* TO DO:
From the listing below, reproduce word for word the part that opens with the line containing "19th Century Dublin" and closes with the line containing "Camping Double Wall"; reproduce nothing else.

----- DATA IN THIS EXERCISE

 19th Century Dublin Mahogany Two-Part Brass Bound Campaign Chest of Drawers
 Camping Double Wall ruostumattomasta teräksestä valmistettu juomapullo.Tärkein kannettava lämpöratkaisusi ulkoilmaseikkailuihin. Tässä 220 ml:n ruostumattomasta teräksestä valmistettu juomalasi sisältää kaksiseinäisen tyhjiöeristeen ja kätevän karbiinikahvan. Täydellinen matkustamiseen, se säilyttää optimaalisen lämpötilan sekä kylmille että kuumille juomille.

----------
----- DATA IN THIS EXERCISE

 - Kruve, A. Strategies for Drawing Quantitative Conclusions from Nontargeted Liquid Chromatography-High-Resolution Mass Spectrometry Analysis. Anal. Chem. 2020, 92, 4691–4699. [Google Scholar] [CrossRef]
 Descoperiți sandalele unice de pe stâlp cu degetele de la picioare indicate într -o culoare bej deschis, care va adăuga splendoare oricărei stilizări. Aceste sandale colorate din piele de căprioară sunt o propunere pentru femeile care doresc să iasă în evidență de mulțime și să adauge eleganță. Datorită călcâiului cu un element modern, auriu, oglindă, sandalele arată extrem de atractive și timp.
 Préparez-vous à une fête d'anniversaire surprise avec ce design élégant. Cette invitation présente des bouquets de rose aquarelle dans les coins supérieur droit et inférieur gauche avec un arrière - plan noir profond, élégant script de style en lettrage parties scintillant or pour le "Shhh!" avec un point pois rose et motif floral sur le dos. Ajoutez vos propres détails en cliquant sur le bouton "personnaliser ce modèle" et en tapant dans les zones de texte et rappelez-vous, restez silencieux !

----------

* WORKED SOLUTION:
 19th Century Dublin Mahogany Two-Part Brass Bound Campaign Chest of Drawers
 Camping Double Wall ruostumattomasta teräksestä valmistettu juomapullo.Tärkein kannettava lämpöratkaisusi ulkoilmaseikkailuihin. Tässä 220 ml:n ruostumattomasta teräksestä valmistettu juomalasi sisältää kaksiseinäisen tyhjiöeristeen ja kätevän karbiinikahvan. Täydellinen matkustamiseen, se säilyttää optimaalisen lämpötilan sekä kylmille että kuumille juomille.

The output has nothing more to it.